Une rencontre diplomatique de haute importance s’est déroulée ce vendredi à Damas entre une délégation américaine et le nouveau dirigeant syrien Ahmad al-Chareh, connu sous le nom de guerre d’Abou Mohammad al-Jolani. Selon un responsable syrien s’exprimant sous couvert d’anonymat, cet entretien – le premier du genre depuis le renversement de Bachar al-Assad le 8 décembre dernier – a été « positif » et porteur d’espoir pour l’avenir des relations entre les deux pays.

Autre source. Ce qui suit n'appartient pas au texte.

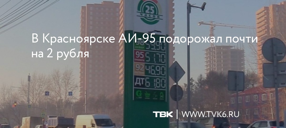 20 января в Красноярске цена за литр 95-о бензина выросла на 2 руб. – теперь он стоит 51 руб. 70 коп. Еще 19 января цена за литр этого топлива была 49 руб. 90 коп. Кроме того, выросла цена и на дизельное топливо – до 61 руб. 80 коп.

Ahmad al-Chareh, un interlocuteur controversé
Pourtant, le nouveau maître de Damas est loin de faire l’unanimité sur la scène internationale. Chef du groupe islamiste radical Hayat Tahrir al-Sham (HTS), classé comme organisation terroriste par de nombreux pays dont les États-Unis, al-Chareh est lui-même visé par des sanctions américaines. Son accession au pouvoir a donc été accueillie avec méfiance par les chancelleries occidentales.
Toutefois, le nouveau régime syrien s’efforce de rassurer, affirmant avoir rompu avec le jihadisme et mettant en avant sa capacité à relancer le pays, après près de 14 ans d’une guerre civile dévastatrice. Un pari risqué, mais que semblent prêts à prendre les États-Unis, soucieux de ne pas laisser la Syrie sombrer davantage dans le chaos.
Une délégation de haut niveau
Signe de l’importance accordée à cette première prise de contact, Washington avait dépêché à Damas une délégation de haut niveau, comprenant notamment Barbara Leaf, responsable du Moyen-Orient au sein de la diplomatie américaine, et Daniel Rubinstein, spécialiste du monde arabe désormais chargé des contacts avec la Syrie.
Selon l’ambassade américaine à Damas, les discussions ont porté sur les « principes convenus par les États-Unis et leurs partenaires à Aqaba », lors d’une réunion en Jordanie, à savoir :
- Le soutien à un processus politique inclusif dirigé par les Syriens
- Un processus aboutissant à un gouvernement représentatif respectant les droits de tous les Syriens
Ont également été abordés « les événements régionaux, l’intention de la Syrie d’adopter une politique de bon voisinage et l’importance des efforts communs dans la lutte contre le terrorisme », toujours d’après l’ambassade américaine.
Rencontres avec la société civile
En marge de son entrevue avec les nouvelles autorités syriennes, la délégation américaine a tenu à échanger avec des représentants de la société civile, « pour entendre directement leur vision de l’avenir de leur pays et la manière dont les États-Unis peuvent les aider ».
Une démarche saluée par les observateurs, qui y voient la volonté de Washington de ne pas se limiter à des contacts officiels, mais de prendre aussi le pouls de la population syrienne et de ses aspirations.
L’Occident prudent mais pragmatique
Cette rencontre américano-syrienne s’inscrit dans un contexte diplomatique en mouvement, plusieurs pays occidentaux ayant récemment dépêché des émissaires à Damas pour nouer ou renouer le dialogue avec le nouveau régime. La France, l’Allemagne, le Royaume-Uni et même l’ONU ont ainsi envoyé des représentants ces derniers jours.
Une prudence mêlée de pragmatisme semble être de mise côté occidental. Car si la méfiance demeure à l’égard des nouveaux maîtres de Damas, la crainte d’une fragmentation accrue du pays et d’une résurgence de l’organisation État islamique – qui n’a jamais été totalement éradiquée en Syrie – pousse à renouer le fil du dialogue.
La rencontre a eu lieu et elle était positive. Et les résultats seront positifs si Dieu le veut.
Un responsable syrien s’exprimant sous couvert d’anonymat
Cette première rencontre américano-syrienne, si elle se confirme positive, pourrait donc marquer un tournant dans la crise syrienne. Reste à savoir si le nouveau pouvoir à Damas saura saisir cette main tendue et engager le pays sur la voie d’une paix et d’une reconstruction durables, dans le respect des droits de tous les Syriens. Un défi immense au regard des plaies encore béantes laissées par plus d’une décennie de guerre, mais un espoir à ne pas négliger pour l’avenir de la Syrie et de toute la région.